On my next sighting of Warne in August 1992, ahead of a tour of Sri Lanka, this tubby kid was tubby no more.
"What have you been doing?" I said.
"A bit of walking," he replied.
A bit of walking! He must have walked to the moon and back to change his shape like that. This was someone who looked serious about the next step.
But going into the last day of the first Test in Colombo, with a dominant Sri Lanka closing in on a shock victory, the question remained, could he get anybody out? His first innings figures were 0-107.
Warne had career figures of 1-335 when captain Allan Border rolled the dice and throw Warne the ball. In 5.1 overs Warne claimed 3-11, Australia claimed a remarkable victory to set up the series and yes, he could get people out.
Greg Matthews, the star of that Sri Lankan series, was Australia's sole spinner when Australia failed to close out the first Test against the West Indies in Brisbane later that year.

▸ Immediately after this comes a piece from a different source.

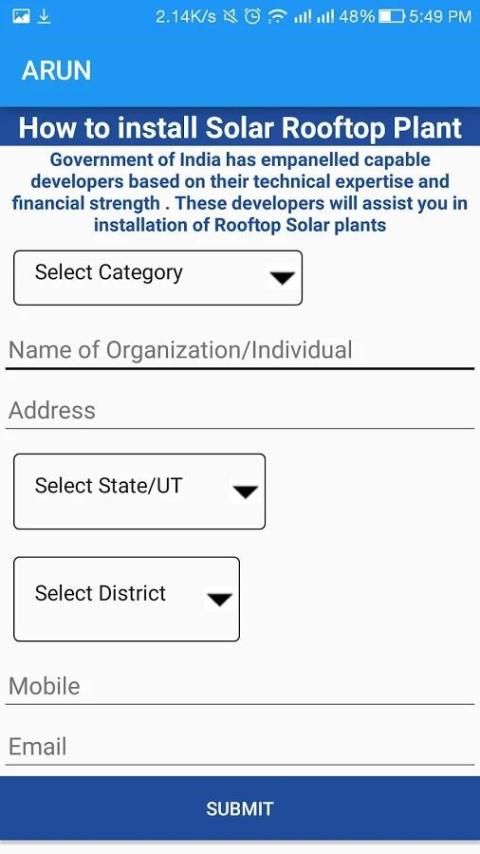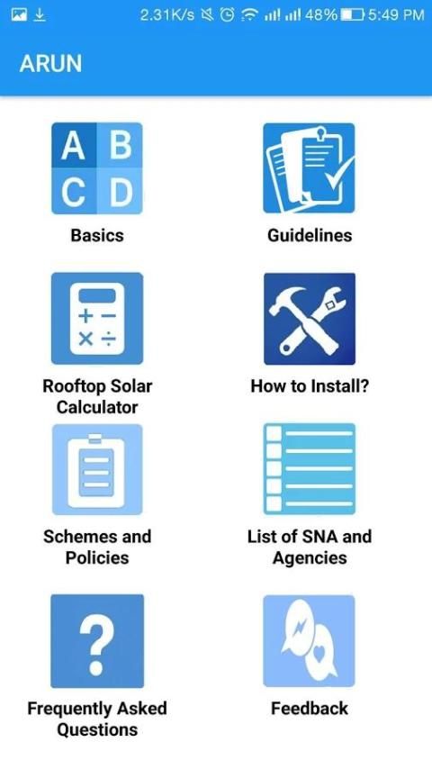 मोबाइल ऐप अरुण (अटल छत सौर उपयोगकर्ता नेविगेटर) सौर छत प्रणालियों और सौर छत प्रणालियों के प्रतिष्ठानों की सहायता के प्रमोशन के लिए नवीन और नवीकरणीय ऊर्जा मंत्रालय के लिए विकसित की है। अनुप्रयोग के मुख्य कार्यक्षमताओं बुनियादी बातें सौर छत प्रणाली, के बारे में जाना जाने शामिल दिशानिर्देश सौर छत प्रणाली, प्रतिष्ठानों की लागत की गणना के लिए एक कैलकुलेटर, सौर छत प्रणाली, योजनाओं और नीतियों सौर छत से संबंधित की स्थापना की विधि की स्थापना के लिए अलग-अलग राज्यों की प्रणाली, राज्य नोडल एजेंसियों की सूची और अपने राज्य में निजी एजेंसियों को मंजूरी दे दी, बार-बार पूछे सौर छत और अनुप्रयोग के बारे में या यदि आप सौर छत से संबंधित कुछ पूछताछ करना चाहते प्रतिक्रिया के बारे में प्रश्न। इस एप्लिकेशन के एक सरल जो आम आदमी या उनके परिसर में सौर छत की स्थापना के लिए एक एजेंसी के लिए उपयोगी हो जाएगा। कैलकुलेटर सौर छत प्रणाली की स्थापना का अनुमान पाने के लिए इस्तेमाल किया जा सकता है। स्थापना विधि के माध्यम से एक सौर छत की स्थापना के लिए उनके हित अनुरोध प्रस्तुत कर सकते हैं और एक ही अपने राज्य की संबंधित एजेंसियों के लिए और आगे की मदद प्रतिष्ठानों के लिए इन एजेंसियों ग्राहक से संपर्क करेगा लिए जाना जाएगा। एप्लिकेशन को राष्ट्रीय सूचना विज्ञान केन्द्र, नई और नवीकरणीय ऊर्जा मंत्रालय द्वारा विकसित की है।

"It's time for Shane Warne," said a frustrated Border after the match.
And so it was. In the second innings of the next Test in Melbourne Warne sent his "zooter" skidding under the bat of Richie Richardson on the way to 7-52 during the only Test Australia won in that tightly fought series.
In New Zealand he bamboozled arguably the best batsman in the world at the time, Martin Crowe, en route to 17 wickets at an average of 15 in three Tests.
So by the time Warne arrived in England during 1993 he was perfectly prime for THAT ball, the Ball of The Century, which dipped into Mike Gatting, spun past his probing blade, and crashed into the stumps.
Suddenly Warne was an overnight success more than two years in the making.
And with the new-found fame came the headlines.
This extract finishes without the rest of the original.